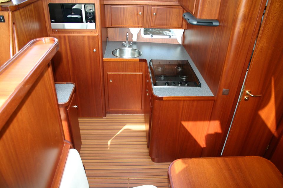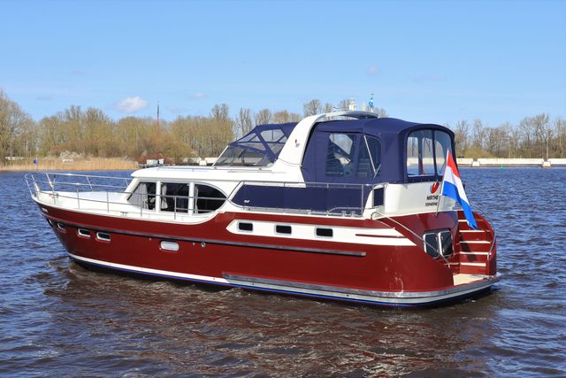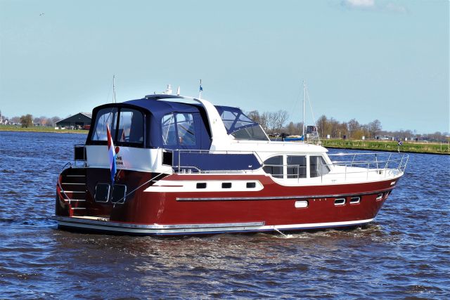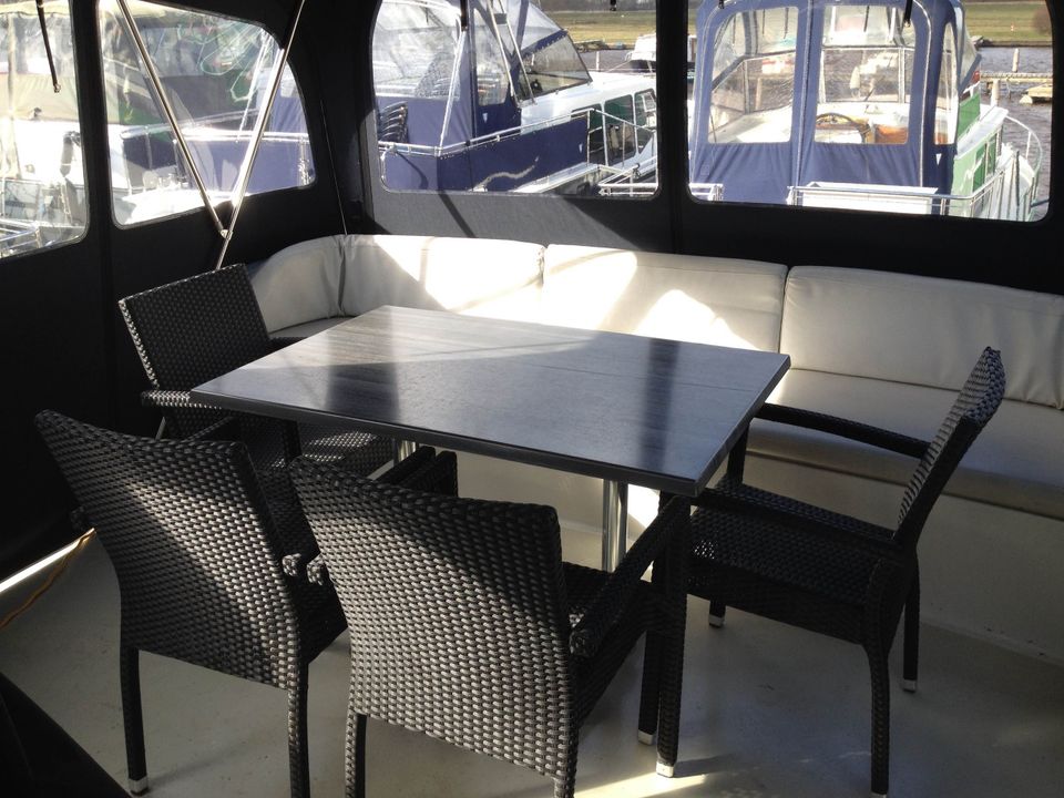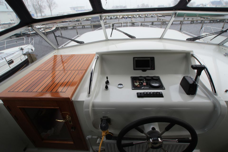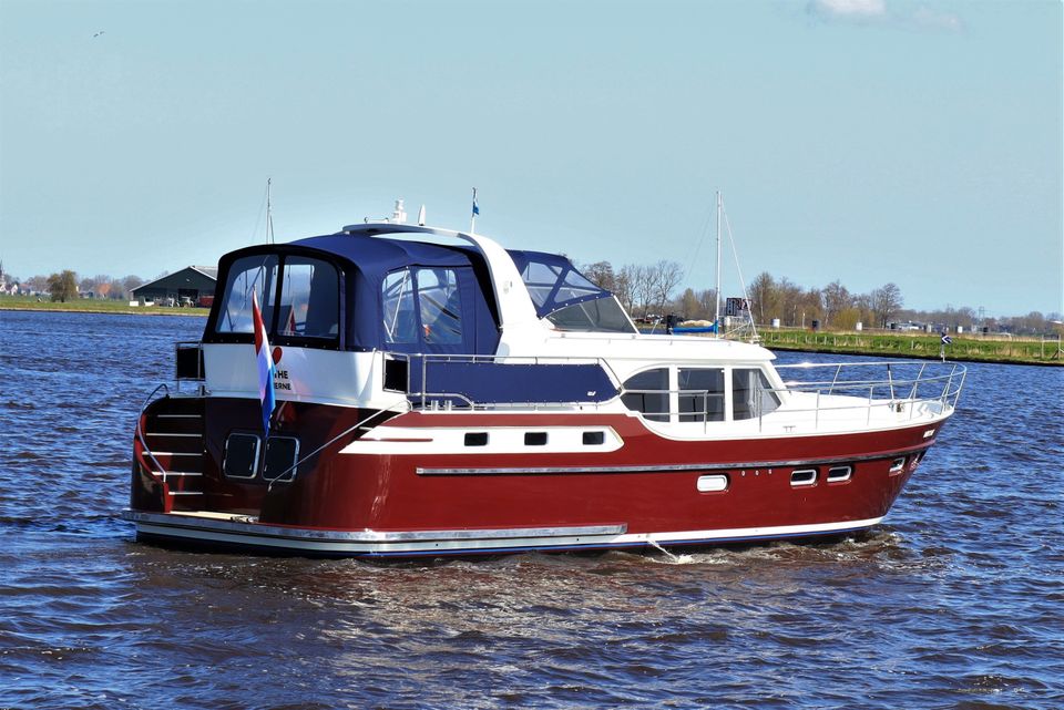 Buiten geniet je van de bovenstuurstand met centrale verwarming, GPS, kaartplotter, dieptemeter, zonnepaneel en een 220V omvormer. Dankzij de boeg- en hekschroef manoeuvreer je het jacht gemakkelijk. De XL-cabriotent met vaste zitbank maakt het zonnedek extra comfortabel. Via de geïntegreerde wenteltrap stap je eenvoudig aan of van boord via het zwemplateau met zwemtrap.
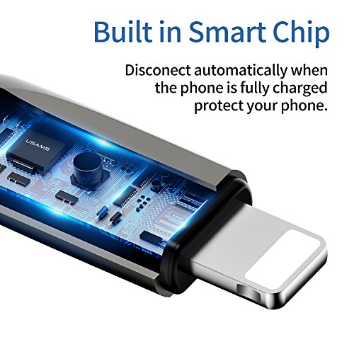 USAMS Cavo su USB 1.2M/3.9FT Durable Nylon Intrecciato Auto Disconnect LED Sync Data Caricamento Veloce per 8 Plus 7 Plus 6S 6 Plus 5 5S SE,iPad iPod
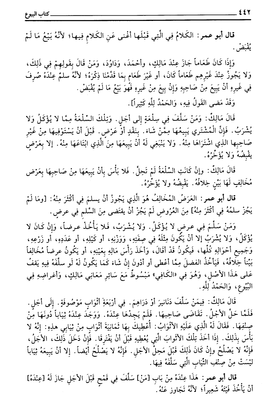 وَهَذَا أَيْضًا مَذْهَبُ أَحْمَدَ بْنِ حَنْبَلٍ وَدَاوُدَ بْنِ عَلِيٍّ لِأَنَّ اللَّهَ تَعَالَى قَدْ أَحَلَّ الْبَيْعَ مُطْلَقًا إِلَّا مَا خَصَّهُ عَلَى لِسَانِ نَبِيِّهِ صَلَّى اللَّهُ عَلَيْهِ وَسَلَّمَ وَذَكَرَهُ فِي كِتَابِهِ
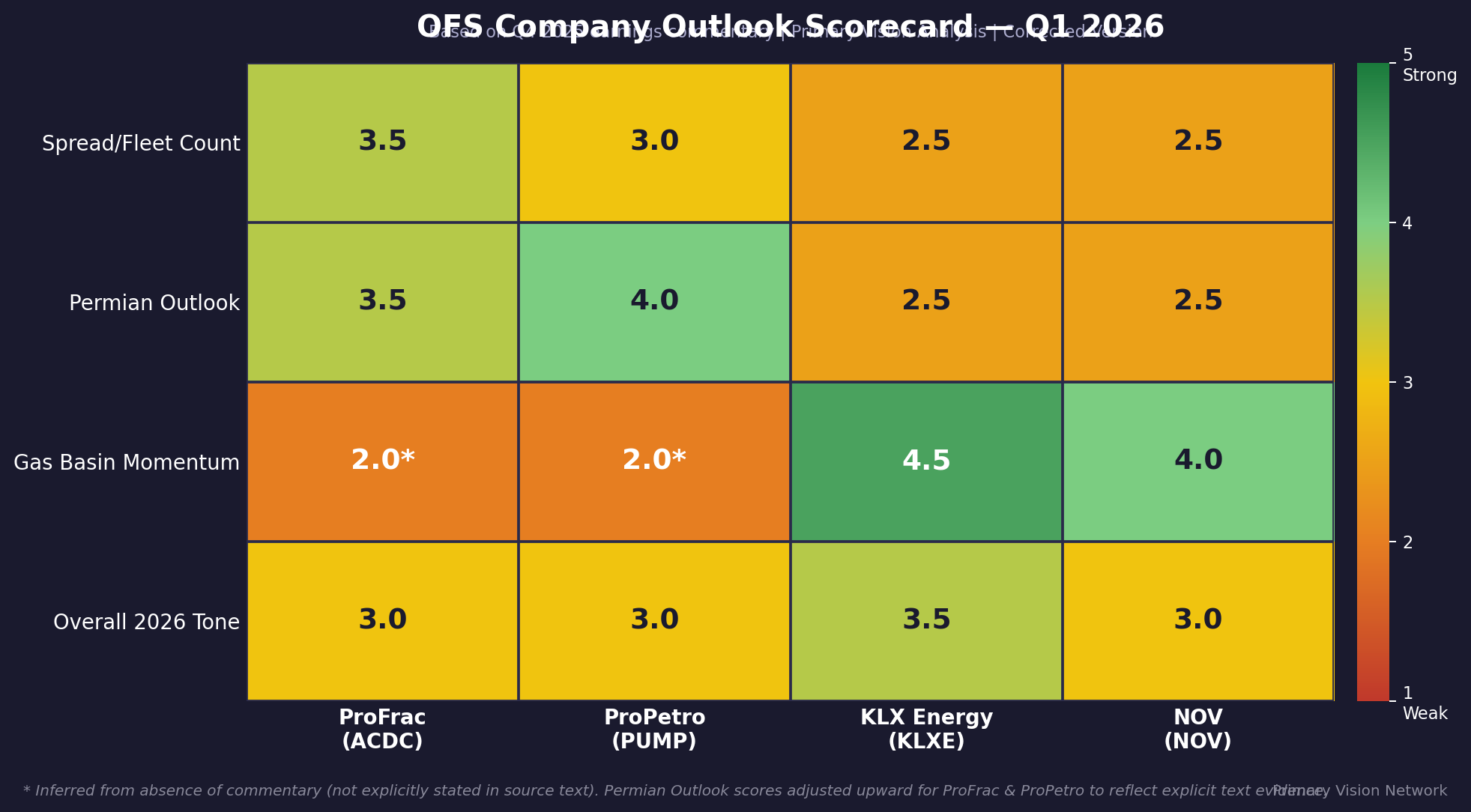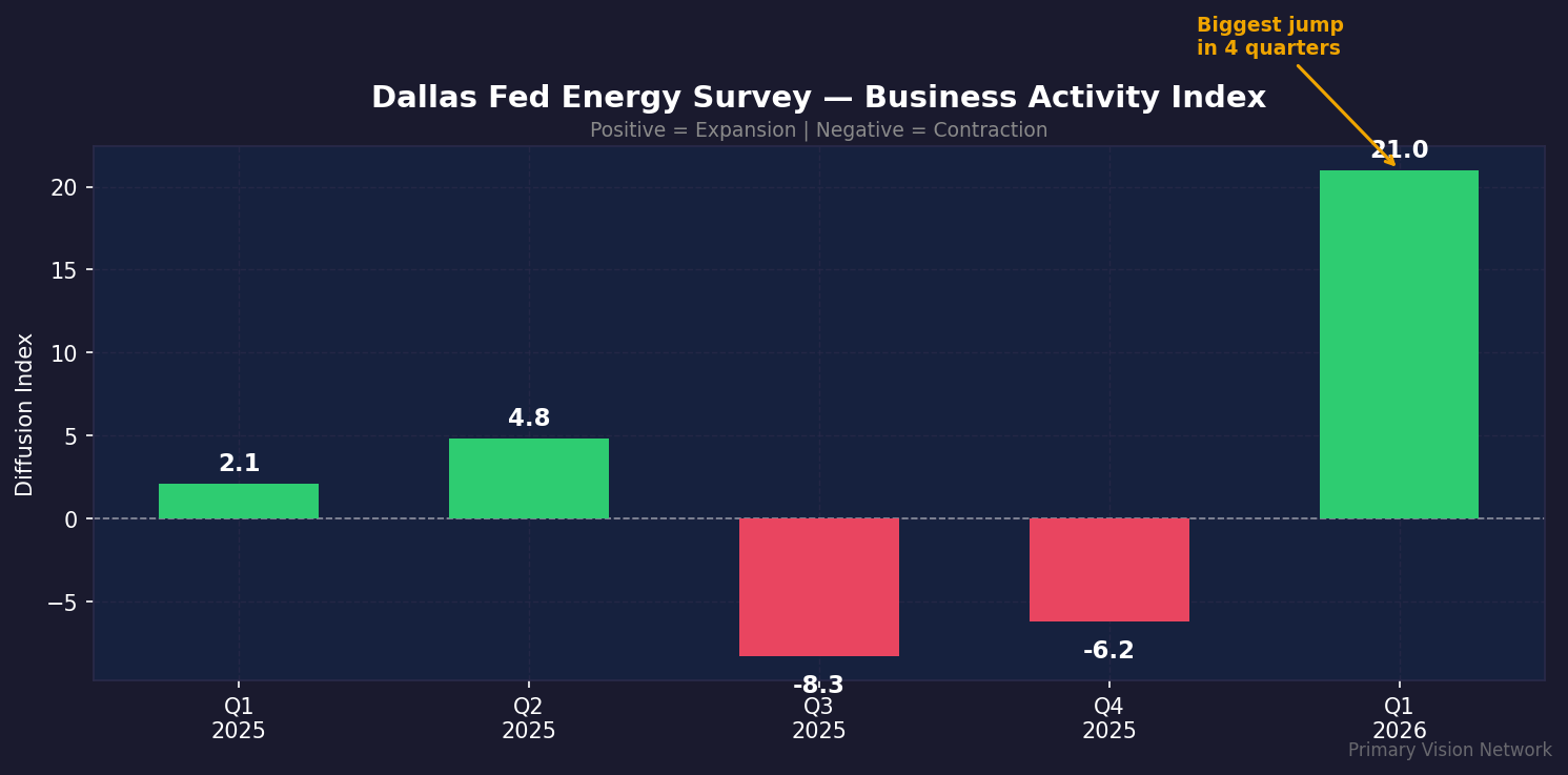 The Q1 2026 Dallas Fed Energy Survey arrived last week with a message that will surprise no one who has been following Primary Vision's completion data closely. The business activity index swung from -6.2 to +21.0, company outlooks flipped from -15.2 to +32.2, and oilfield services equipment utilization jumped from -12.2 to +30.2. For anyone tracking frac spreads and frac job counts through Q1, none of this is shocking. The recovery that Primary Vision's data has been signaling for weeks is now showing up in executive sentiment as well and that alignment between ground-level activity data and boardroom confidence is itself an important signal.
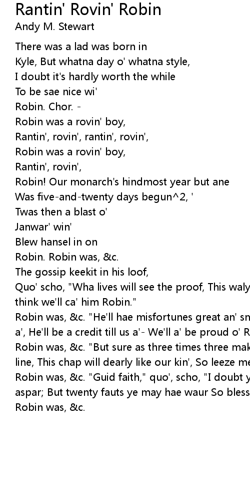 Robin was, &c. "Guid faith," quo', scho, "I doubt you gar The bonie lasses lie aspar; But twenty fauts ye may hae waur So blessins on thee! Robin." |
------
Exercise brief:
From the records above, extract the lines from the one holding "USAMS Cavo su" through the one holding "وَهَذَا أَيْضًا مَذْهَبُ", word for word; omit the pictures.

Answer space:
 USAMS Cavo su USB 1.2M/3.9FT Durable Nylon Intrecciato Auto Disconnect LED Sync Data Caricamento Veloce per 8 Plus 7 Plus 6S 6 Plus 5 5S SE,iPad iPod
 وَهَذَا أَيْضًا مَذْهَبُ أَحْمَدَ بْنِ حَنْبَلٍ وَدَاوُدَ بْنِ عَلِيٍّ لِأَنَّ اللَّهَ تَعَالَى قَدْ أَحَلَّ الْبَيْعَ مُطْلَقًا إِلَّا مَا خَصَّهُ عَلَى لِسَانِ نَبِيِّهِ صَلَّى اللَّهُ عَلَيْهِ وَسَلَّمَ وَذَكَرَهُ فِي كِتَابِهِ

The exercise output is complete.